Now we have found 8 tuples which are predictive of edibility,

rpln [(xx, fund (ff `fdep` xx)) | (e,xx) <- ll, e < 1e-14] 
"({<<2,1>,281>,<<3,1>,103>,<<10,2>,311>},{bruises,cap-color,gill-attachment,gill-spacing,habitat,odor,population,spore-print-color,stalk-color-above-ring,stalk-color-below-ring,stalk-root,stalk-surface-below-ring,veil-color})"
"({<<2,1>,281>,<<6,1>,36>,<<10,2>,311>},{bruises,cap-color,gill-spacing,habitat,odor,population,spore-print-color,stalk-color-above-ring,stalk-color-below-ring,stalk-root,stalk-surface-below-ring,veil-color})"
"({<<2,1>,281>,<<7,1>,45>,<<10,2>,311>},{bruises,cap-color,gill-spacing,habitat,odor,population,spore-print-color,stalk-color-above-ring,stalk-color-below-ring,stalk-root,stalk-surface-below-ring,veil-color})"
"({<<6,1>,36>,<<8,1>,71>,<<10,2>,311>},{cap-color,gill-spacing,habitat,odor,population,spore-print-color,stalk-color-above-ring,stalk-color-below-ring,stalk-root,stalk-surface-below-ring,veil-color})"
"({<<6,1>,36>,<<8,1>,217>,<<10,2>,311>},{cap-color,gill-spacing,habitat,odor,population,spore-print-color,stalk-color-above-ring,stalk-color-below-ring,stalk-root,stalk-surface-below-ring,veil-color})"
"({<<6,1>,36>,<<8,3>,4>,<<10,2>,311>},{bruises,cap-color,gill-spacing,habitat,odor,population,spore-print-color,stalk-color-above-ring,stalk-color-below-ring,stalk-root,stalk-surface-above-ring,stalk-surface-below-ring,veil-color})"
"({<<7,1>,45>,<<8,1>,71>,<<10,2>,311>},{cap-color,gill-spacing,habitat,odor,population,spore-print-color,stalk-color-above-ring,stalk-color-below-ring,stalk-root,stalk-surface-below-ring,veil-color})"
"({<<7,1>,45>,<<8,1>,217>,<<10,2>,311>},{cap-color,gill-spacing,habitat,odor,population,spore-print-color,stalk-color-above-ring,stalk-color-below-ring,stalk-root,stalk-surface-below-ring,veil-color})"

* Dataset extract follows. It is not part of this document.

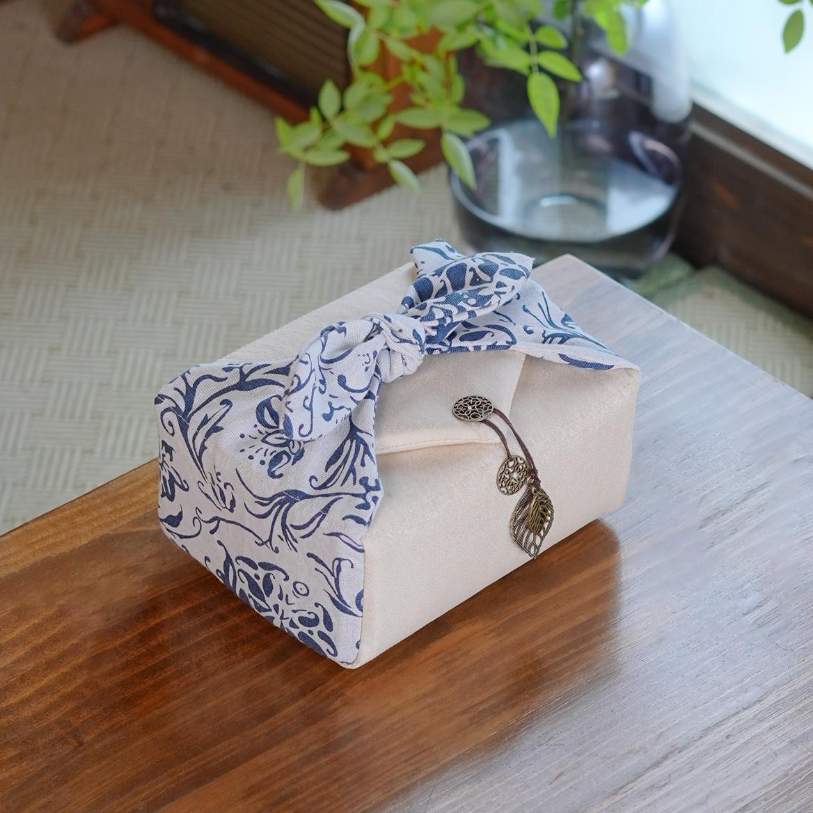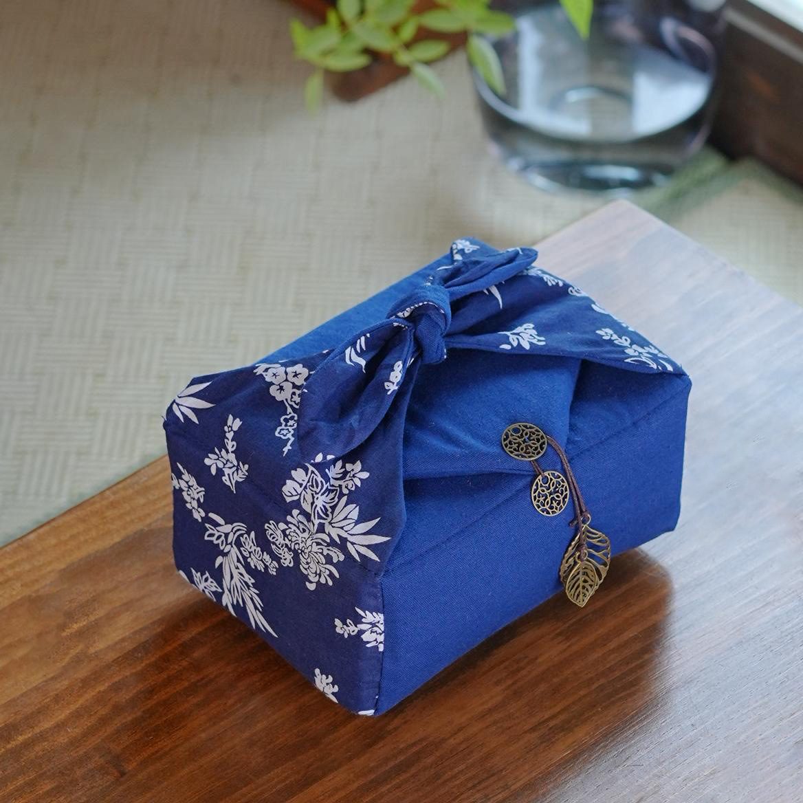 • 냄비 1개와 컵 3개, 파란색 꽃무늬 천

All include variable <<10,2>,311> which is in the second layer and depends on 9 substrate variables,

let w102311 = stringsVariable "<<10,2>,311>"

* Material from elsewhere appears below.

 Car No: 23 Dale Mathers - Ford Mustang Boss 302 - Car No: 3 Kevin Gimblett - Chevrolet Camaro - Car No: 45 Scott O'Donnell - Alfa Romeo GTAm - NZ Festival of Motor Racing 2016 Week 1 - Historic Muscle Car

card $ fund $ ff `fdep` sgl w102311
9

rp $ fund $ ff `fdep` sgl w102311
"{cap-color,gill-spacing,habitat,population,stalk-color-above-ring,stalk-color-below-ring,stalk-root,stalk-surface-below-ring,veil-color}"

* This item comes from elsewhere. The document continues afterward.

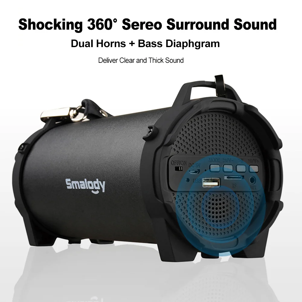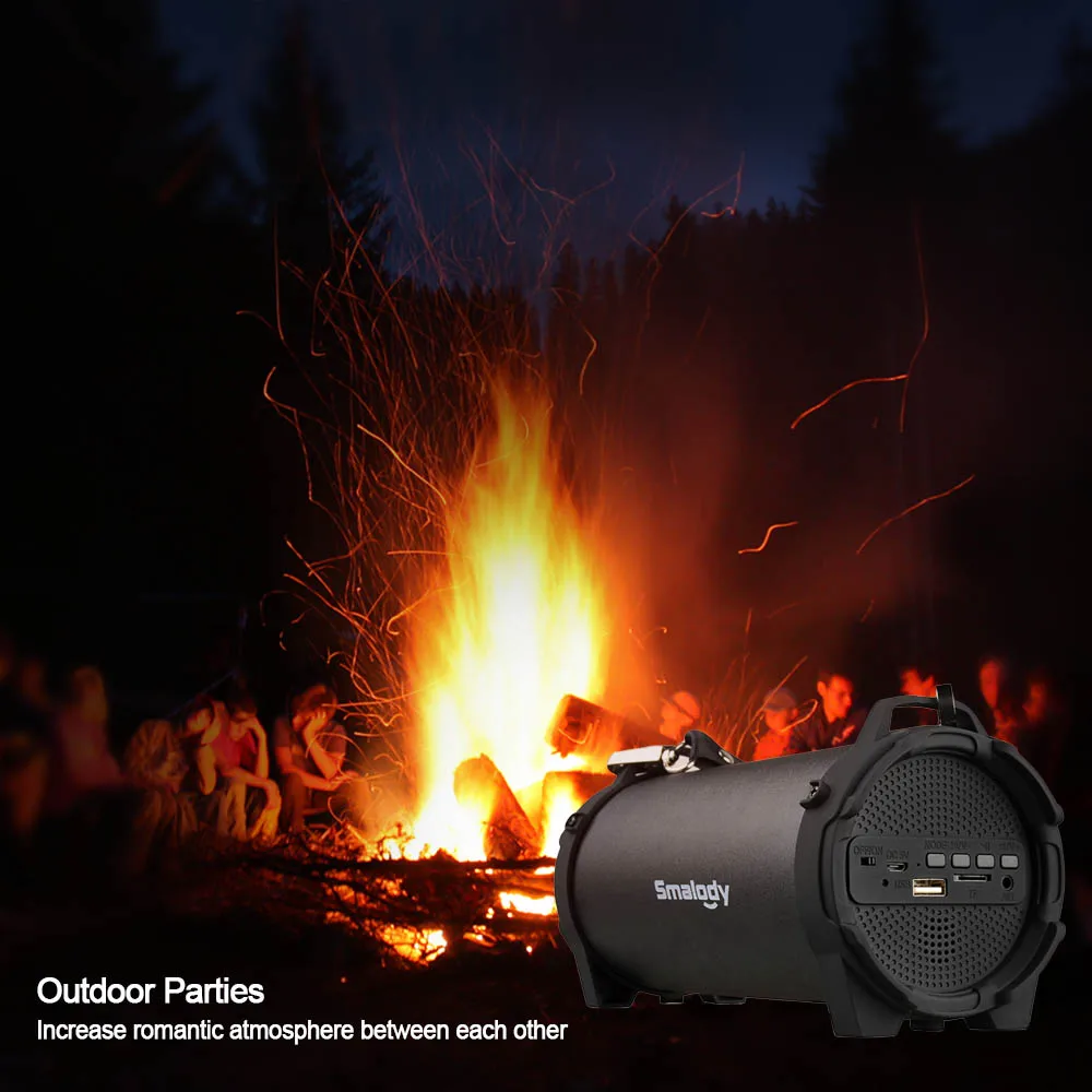 Smalody SL-10-это высококачественный уличный динамик BT с цилиндрическим внешним видом и мощным звуком. Он поддерживает fm-радио, tf-карту, U dirve и 3,5 мм AUX в воспроизведении музыки; С микрофоном, вы можете наслаждаться громкой связью.

Let us sort by shuffle content derived alignment descending. Let $L = \mathrm{botd}(\mathrm{qmax})(\mathrm{elements}(Z_{P,B_2,\mathrm{L}}))$. Then calculate \[ \{(\mathrm{algn}(B\%X)-\mathrm{algn}(B_{\mathrm{r}}\%X),~X) : (e,X) \in L,~e \approx 0\} \] where $B_{\mathrm{r}} = A_{\mathrm{r}} * \prod\mathrm{his}(F)$,

let aar = hhaa $ fromJust $ historiesShuffle (aahh aa) 1

let hhr = aahr uu aar

let hhbr = hrfmul uu2 ff hhr

hrsize hhbr
8124

rpln $ reverse $ sort [(algn aa' - algn aar', xx) | (e,xx) <- ll, e < 1e-14, let aa' = hhaa (hrhh uu2 (hhb `hrhrred` xx)), let aar' = hhaa (hrhh uu2 (hhbr `hrhrred` xx))] 
"(2497.8620087369127,{<<2,1>,281>,<<6,1>,36>,<<10,2>,311>})"
"(2264.151471030258,{<<2,1>,281>,<<3,1>,103>,<<10,2>,311>})"
"(2196.043847907931,{<<2,1>,281>,<<7,1>,45>,<<10,2>,311>})"
"(400.7703551572704,{<<6,1>,36>,<<8,1>,71>,<<10,2>,311>})"
"(379.7467829022353,{<<7,1>,45>,<<8,1>,71>,<<10,2>,311>})"
"(344.1523150150606,{<<6,1>,36>,<<8,1>,217>,<<10,2>,311>})"
"(339.22729806548887,{<<7,1>,45>,<<8,1>,217>,<<10,2>,311>})"
"(222.40958944160957,{<<6,1>,36>,<<8,3>,4>,<<10,2>,311>})"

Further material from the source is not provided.